Introduction

Stereopsis is an impression of depth arising from neural and cortical activities triggered by disparity between the right and left eyes [1, 2]. The relation between color vision and stereopsis, and its physiology have been a point of interest for a long time. Luminance and color perception were suggested to be the main cues for depth perception, and several studies emphasized the importance of color perception on stereoacuity [3, 4]. Congenital color vision deficiency (CCVD) is an inherited disorder, which causes a disturbance in the discrimination of different colors [5]. The discrimination of color depends on the unequal stimulation of three cone types and comparison of their signal properties [5, 6]. However, the physiological process stages of cone signals remain a controversial subject.

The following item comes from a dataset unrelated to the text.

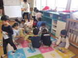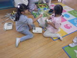 今日もお部屋をピッカピカにします。おもちゃもかごから出してきれいに入れます。年長組の子どもたちは遊戯室やコンテナ、絵本の広場もピッカピカにしてくれました。

In the literature, the association between color vision and depth perception has been investigated in numerous experimental and physiological studies, which were conducted on healthy persons. However, diseases may also provide unique information about how a normal physiological process works. Due to abnormal cone activity in CCVD, comparing their activity with normal cones may provide information about how abnormal or absent cone signal affects stereopsis. Therefore, this comparison may provide a different point of view on how the color discrimination process affects depth perception.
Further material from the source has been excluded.